- Berlijnplein 300, Leidsche Rijn, Utrecht

Information
- Type: Secondary school (offers MAVO, HAVO, and VWO (primary school teaching also available for children 10 and over))
- Established: 2015
- Rector: Richard van den Berg
- Enrollment: 1075
- Website: Academie Tien

= Academie Tien =

Academie Tien (Note: Academy Ten) (stylized as ACADEMİE TİEN), originally Mavo Tien, is a Dutch primary and secondary school located in Leidsche Rijn, Utrecht. Originally opening in 2015 as Mavo Tien, they rebranded to Academie Tien in 2018 and have expanded to have over 1000 students as of 2024. They offer teaching on the MAVO, HAVO and VWO levels, as well as on the primary school level for children 10 and over.

== History ==

=== Mavo Tien ===
The school officially opened in 2015 as Mavo Tien, which only offered education to students in the MAVO level. There were originally only 73 students making up 3 classes and 8 teachers, with around 600 others applying to become teachers. The school immediately wished to expand to include education in the HAVO level.

=== Academie Tien ===
On 1 August 2018, the school changed its name to Academie Tien and started enrolling students in the HAVO and VWO levels, opening its new website on 6 November. The school originally intended to move to the Berlijnplein with its rebranding, though they were only able to move in 2023.

In 2024, the school had 1075 students in total, including primary school students. The school is part of Nuovo, a Dutch organisation managing multiple schools in the Netherlands.

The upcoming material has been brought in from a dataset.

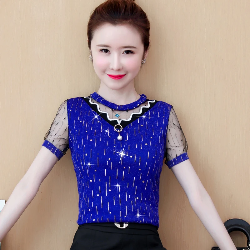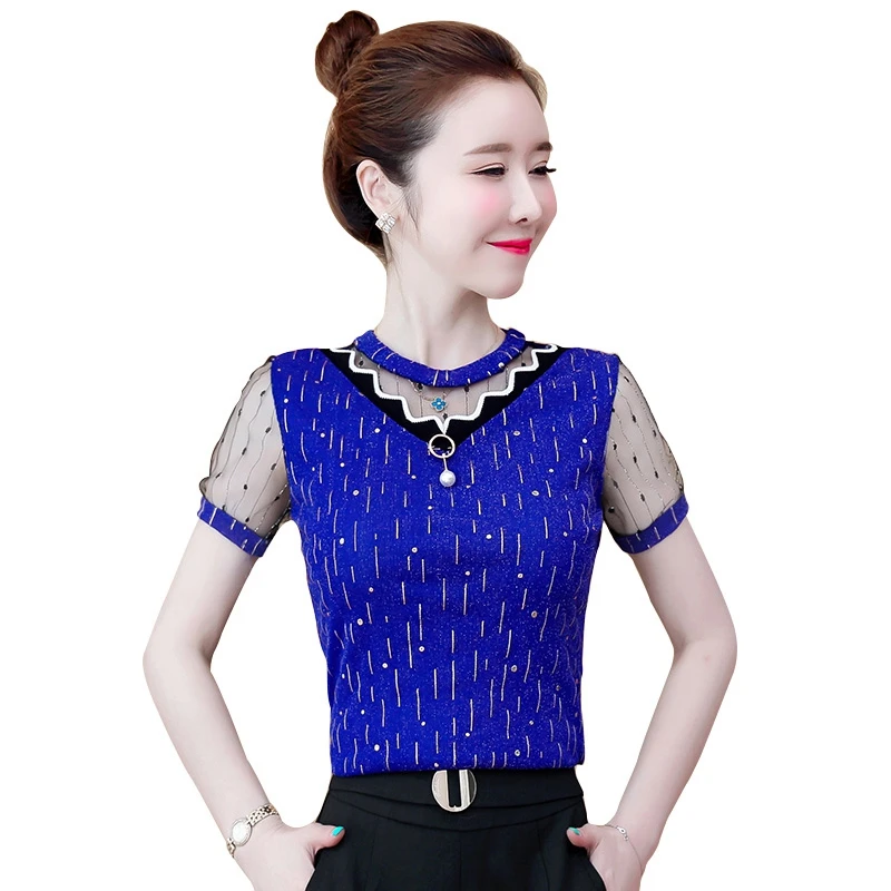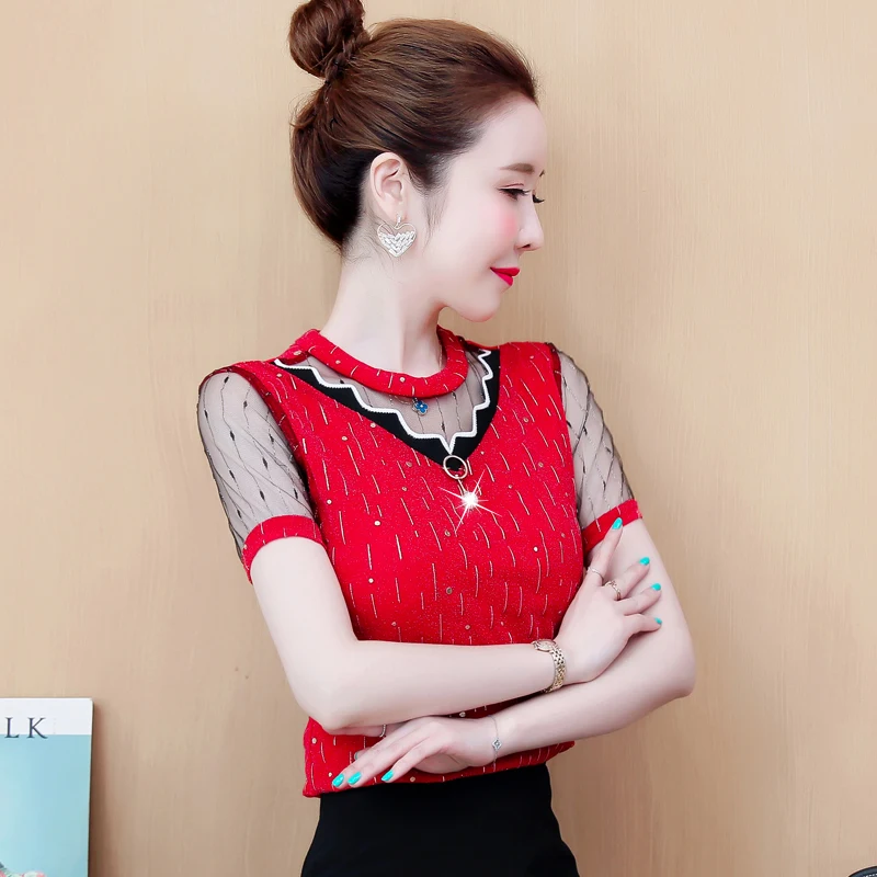 COIGARSAM, модная блузка с принтом, женская новая летняя кружевная блузка с коротким рукавом, Женские топы и блузки, красный, зеленый, синий, черный, 855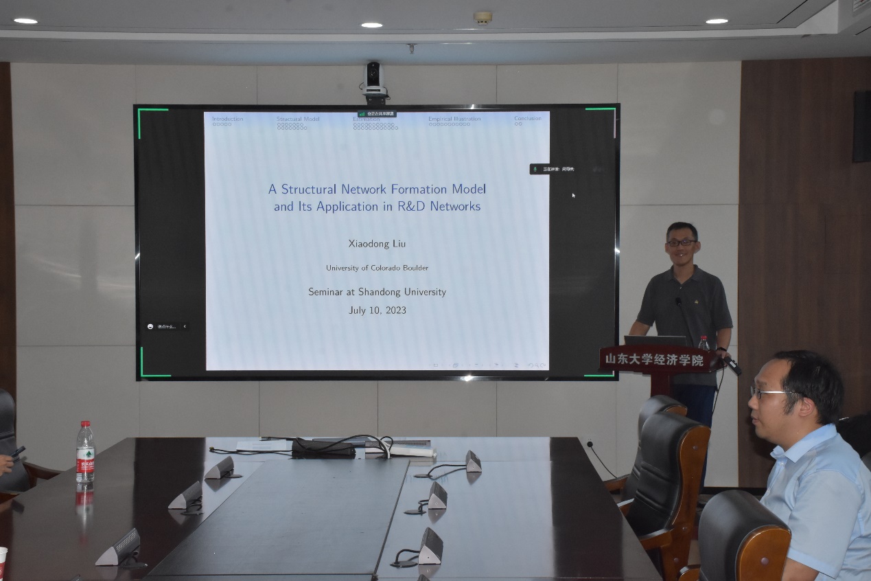 7月10日下午,必赢线路检测中心第318期高级经济学讲座于中心校区知新楼B321举行,科罗拉多大学博尔德分校经济学教授刘晓冬作了题为“A Structural Network Formation Model andIts Application in R&D Networks”的报告。讲座由必赢线路检测中心周剑南助理研究员主持,部分师生参会。

Currently, the school offers teaching on the MAVO, HAVO and VWO levels, as well as on the primary school level for children 10 and over. They have entirely banned mobile phone usage.

Since 1 August 2024, Richard van den Berg has been the rector of the school, replacing Albert Wijnsma.

== Grading ==
The school does not grade students using numbers, which is unusual to Dutch secondary schools. Instead, they use three terms: ontwikkeling (failed), beheerst (passed), and expert (good).